[Task material]

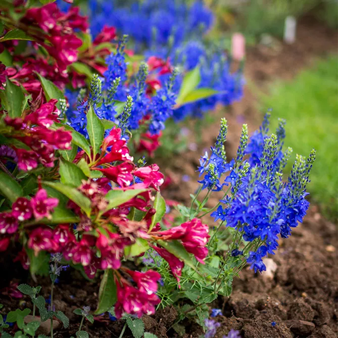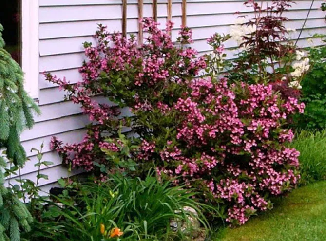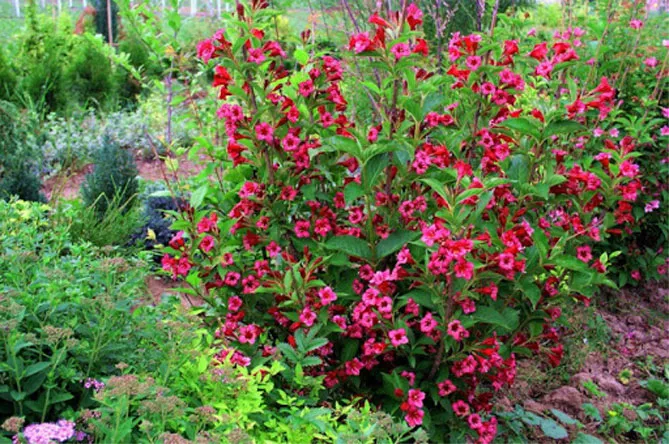 Если вейгела высажена не как живая изгородь или растение в горшке, хорошую компанию ей составят форзиции, жасмин, кольквиция.
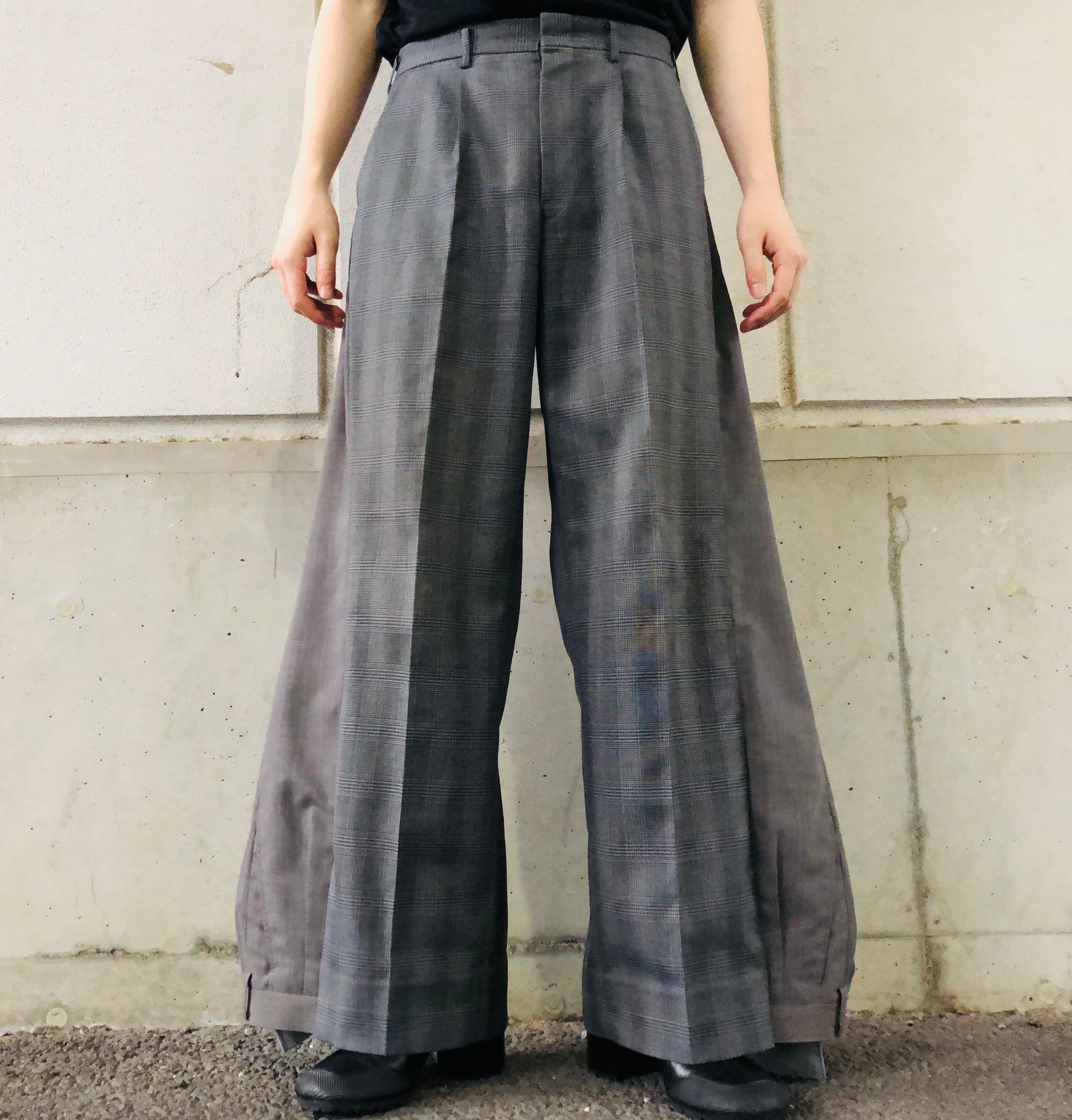 サイドに逆さまにしたスラックスをドッキングしたワイドパンツ。膝裏あたりに深めのタックを入れ裾にかけて広がるように仕立てています。
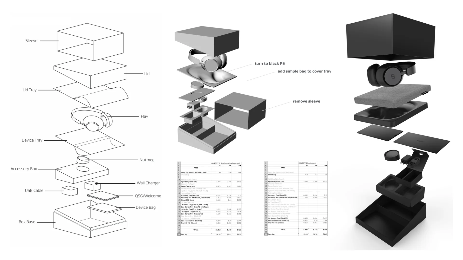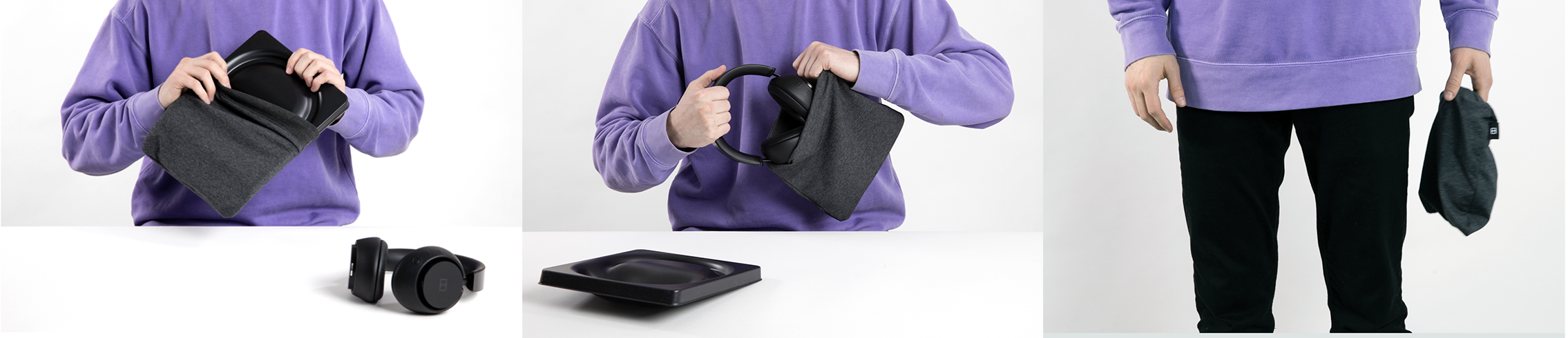 The clean, seamless qualities of the headphone extend to it's packaging. Presenting the headphone on a slanted surface pays tribute to it's unique charging stance while the soft surface beneath it underscores it's home positioning.
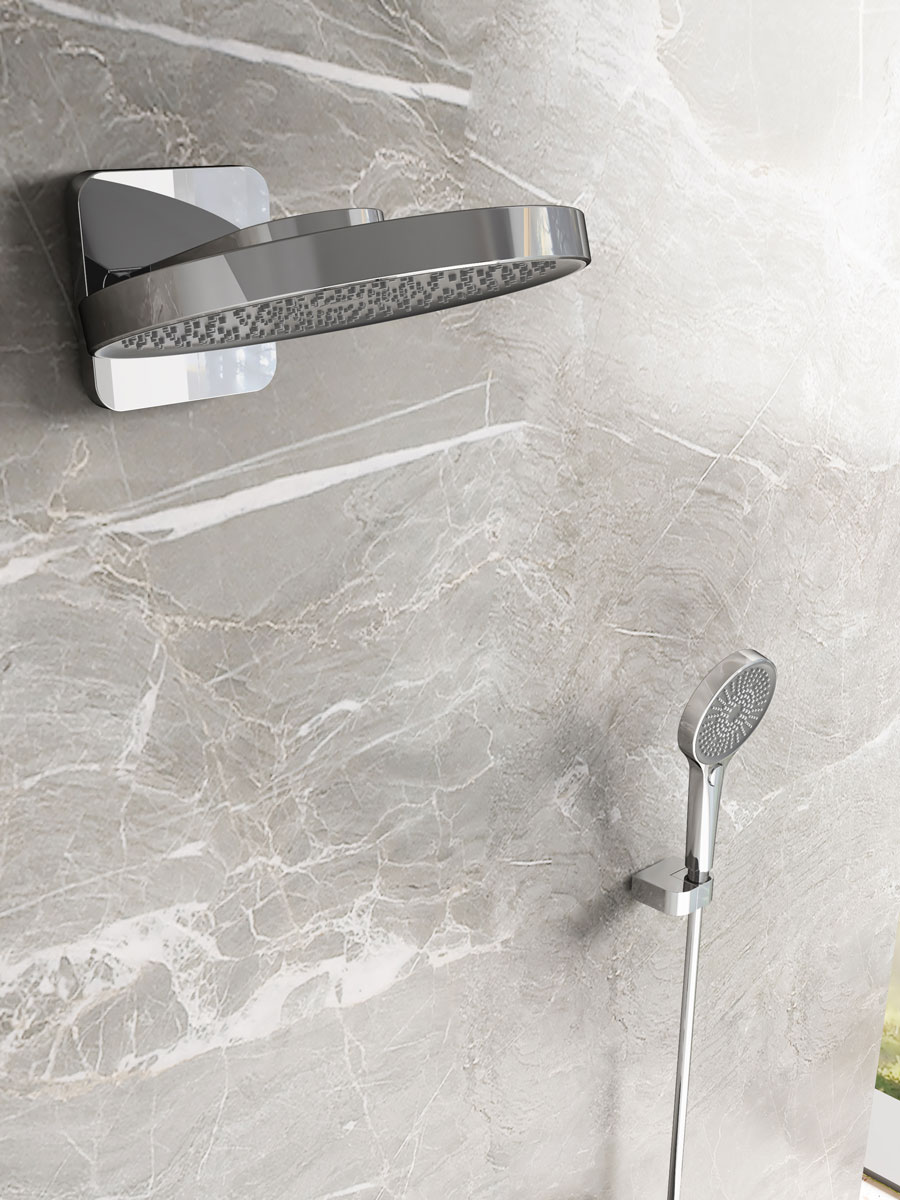 Верхний душ, полка с изливом и держателем ручного душа, ручной душ, смеситель со встраиваемой частью
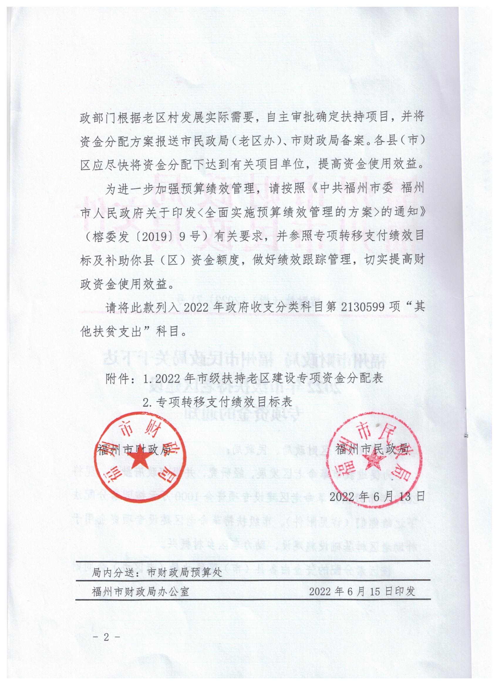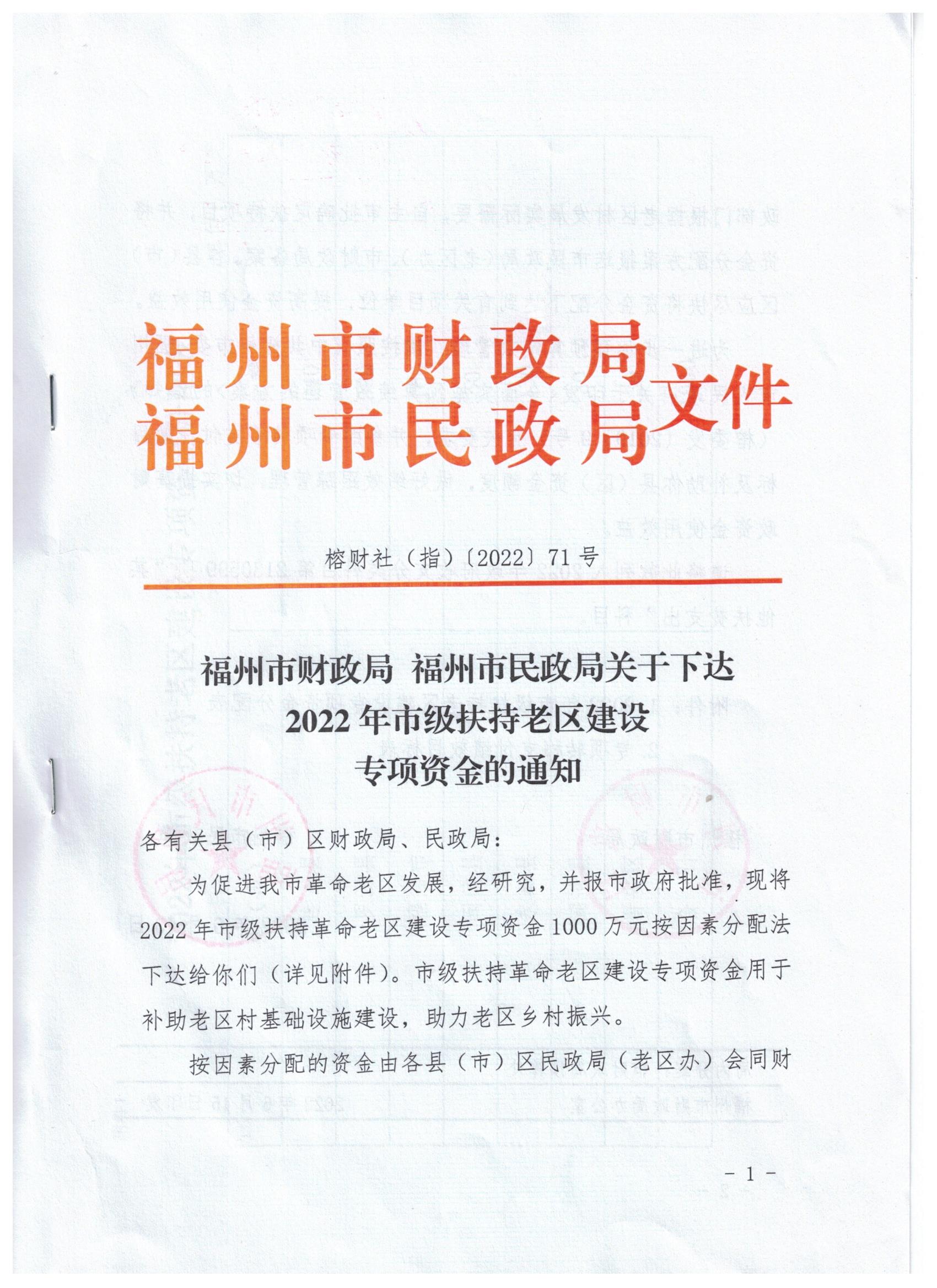 福州市财政局 西瓜视频 关于下达2022年市级扶持老区建设专项资金的通知
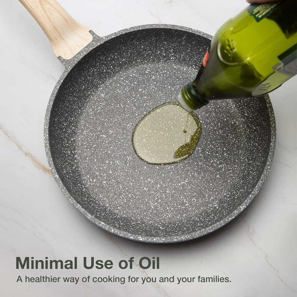 CAROTE Non Stick Frying Pan Skillet, 8" 8" frying pan w/lid, Black Product Details Brand: CAROTE Material: Non Stick Granite Special Feature: Non Stick, Easy to clean Color: Black Capacity: 1.1 Liters Compatible Devices: Smooth Surface Induction, Gas Product Care Instructions: Avoid Dry Heating Maximum Temperature: 180 Degrees Celsius Handle Material: Stainless Steel Item Weight: 1 Kilograms Is Oven Safe: No Model Name: Omelette Pan Has Nonstick Coating: Yes Is Dishwasher Safe: Yes Recommended Uses For Product: Frying Shape: round Product Dimensions: 6.69 x 7.87 x 1.77 inches Item Weight: 2.2 pounds Manufacturer: CAROTE Item model number: C00016-UAE Eco-friendly Granite Nonstick Material: Nonstick granite material. Less oil needed & less smoke released, our frying pan provides your daily cooking always safer and healthier. Excellent non stick performance keeps food sliding smoothly along the surface for easy clean. Heat Up Quickly and Evenly: The induction frying pan adopts large magnetized base and provides a larger heating area, which allow to distribute heat quickly and evenly resulting in no hot spots. Suitable for gas, electric, ceramic, glass, halogen and induction hobs. With extended bottom design, our cookware heats up faster compared with the traditional skillet pan. An Frequently-used Cooking Pan: Our nonstick frying pan can be used for any cooking needs : egg pan/ omelet pan/ grill pan ... a perfect fry pan is the best cooking partner for you, with heavy gauge and extra long-lasting die-cast construction, makes the skillet pan break resistant, anti-warping and chip-resistant. Heat-resistant Handle: All-in-one design, no rivets and installation-free, avoids rust and easy to clean. Bakelite handle is comfortable to grip and stay cool while cooking and prevent handle burning and discoloring. The sturdy handle aids in lifting, and provides a hole for hanging when not in use.
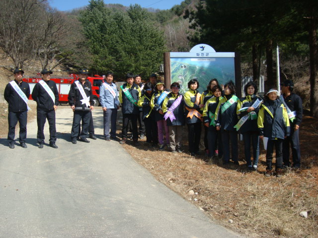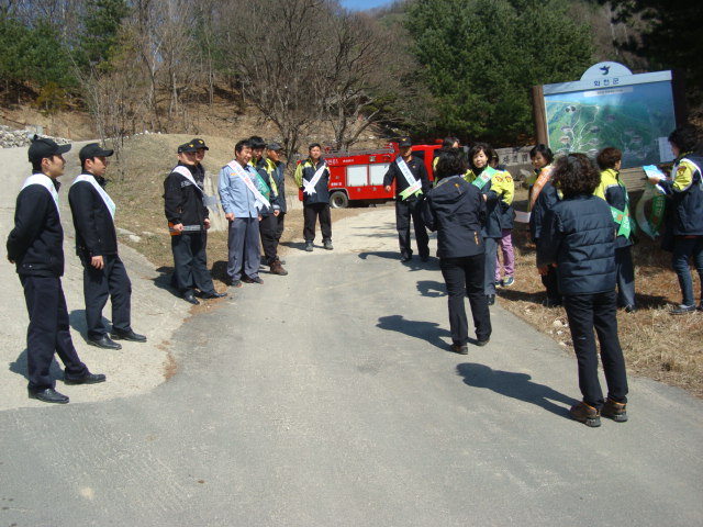 사내센터 직원 및 사내면 남.여 의용소방대는 창안산 입구에서 오는 등산객들로부터 산불예방 전단지를 배부하고 라이터등 화기 취급을 자제하는 교육을 실시하였습니다.
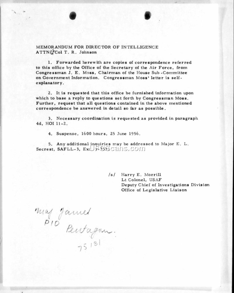 This document collection details an inquiry from Congressman John E. Moss, Chairman of the House Sub-Committee on Government Information, to the Secretary of the Air Force, Donald A. Quarles, regarding the public availability of 'United States Air Force Project Blue Book, Special Report No. 14.' The Sub-Committee had received complaints that the report, while unclassified, was difficult for the public to access, requiring a personal visit to the Pentagon. Congressman Moss requested information on the number of copies printed, the number of requests received, and the justification for any restrictions on public access. The Air Force response, prepared by the Office of Legislative Liaison and the Air Technical Intelligence Center (ATIC), explains that only 100 copies of the full report were printed due to the high cost of production, estimated at $10 to $15 per copy. The Air Force argued that it was not withholding information but was instead directing the public to a summary and press release to manage costs. The correspondence notes that ATIC received eight inquiries for the report, while the Department of Defense Office of Public Information received between 300 and 350 requests for information, primarily from students. The Air Force maintained that it had made a 'very definite effort' to make the information available through reasonable means, including providing copies on loan for reproduction in cases of obvious need.

[/Task material]

● **Task goal**: Could the lines from the first entry through the line that contains "福州市财政局 西瓜视频 关于下达2022年市级扶持老区建设专项资金的通知" be copied exactly, with all pictures left out?

● **Response for this exercise**:
 Если вейгела высажена не как живая изгородь или растение в горшке, хорошую компанию ей составят форзиции, жасмин, кольквиция.
 サイドに逆さまにしたスラックスをドッキングしたワイドパンツ。膝裏あたりに深めのタックを入れ裾にかけて広がるように仕立てています。
 The clean, seamless qualities of the headphone extend to it's packaging. Presenting the headphone on a slanted surface pays tribute to it's unique charging stance while the soft surface beneath it underscores it's home positioning.
 Верхний душ, полка с изливом и держателем ручного душа, ручной душ, смеситель со встраиваемой частью
 福州市财政局 西瓜视频 关于下达2022年市级扶持老区建设专项资金的通知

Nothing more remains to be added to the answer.